Zoila Gómez Velázquez’s expenses are not limited to food. “In addition to food, which is very expensive, I also need to buy personal hygiene, clothes, shoes, pay for electricity and water,” she explained.

However, the SAF provides a deplorable service, an evil that has persisted since its creation in 2007, when the Government established the guidelines for the operation of this system.

The menu, says the old woman, is “always the same and of poor quality.” “The food there is terrible, they always give us poorly prepared peas. What they give us is a sancocho that not even the pigs will eat,” she says.

Due to a hip fracture, Zoila walks with difficulty. “I use a cane to keep my balance, but I also have a skin disease on my left leg that doctors don’t know what it is and it bothers me,” says the octogenarian woman.

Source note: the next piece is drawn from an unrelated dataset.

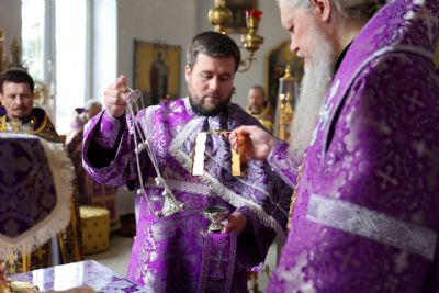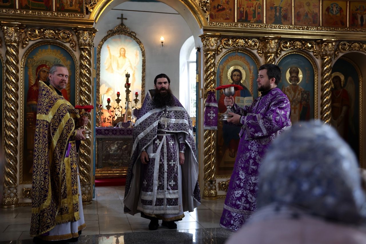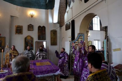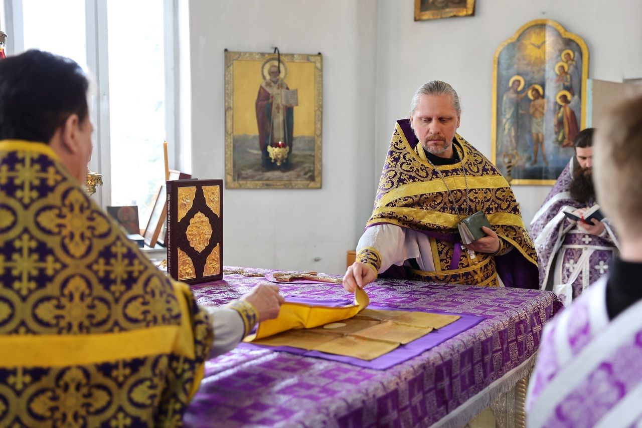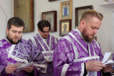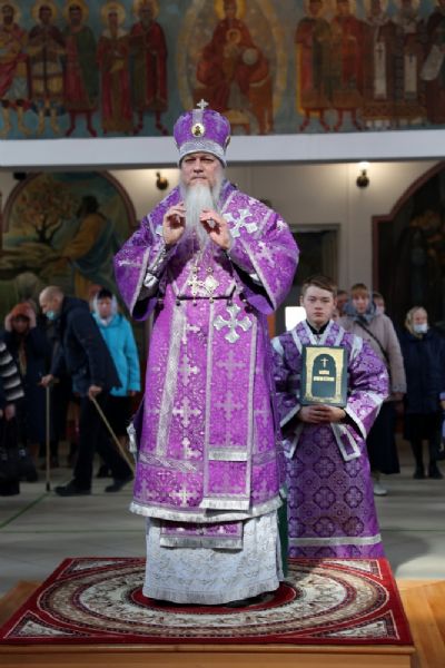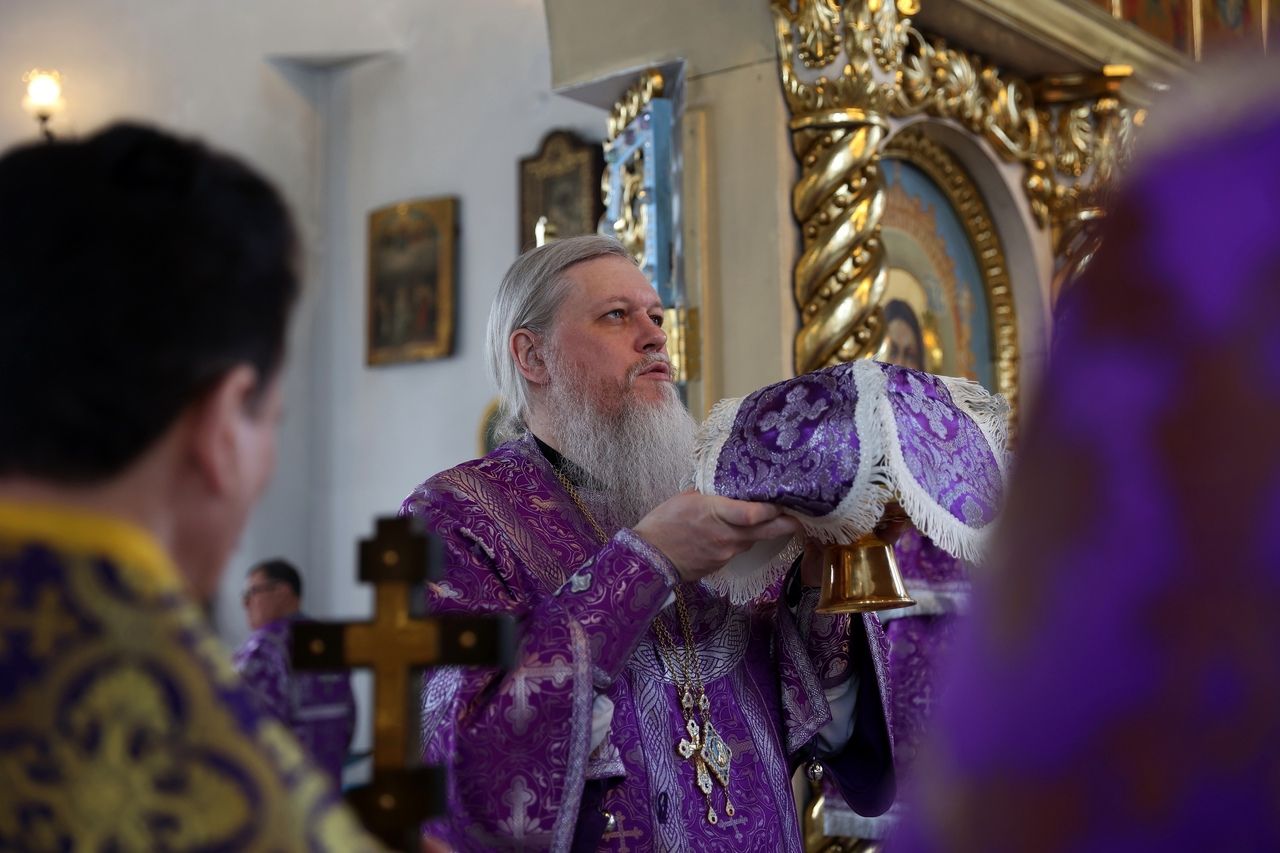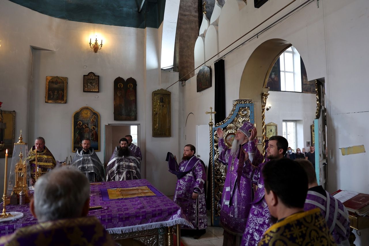 Архипастырю сослужили клирики собора, песнопения исполнял архиерейский хор.

The interviewee believes that the elderly are the most affected by the crisis in Cuba. “We old people don’t have food, we don’t have clothes, we don’t have shoes, we don’t have anything. At the winery they only sell two little books of rice per month per book [de abastecimiento], that with that no one eats. “We are starving,” says the old woman.

Zoila is alone: ​​two years ago her 36-year-old daughter died due to uterine cancer. “My case is worse because I live alone and if you don’t have anyone to give you anything or help you from abroad, as happens to me, then it is worse. How am I going to continue living?,” she asks herself.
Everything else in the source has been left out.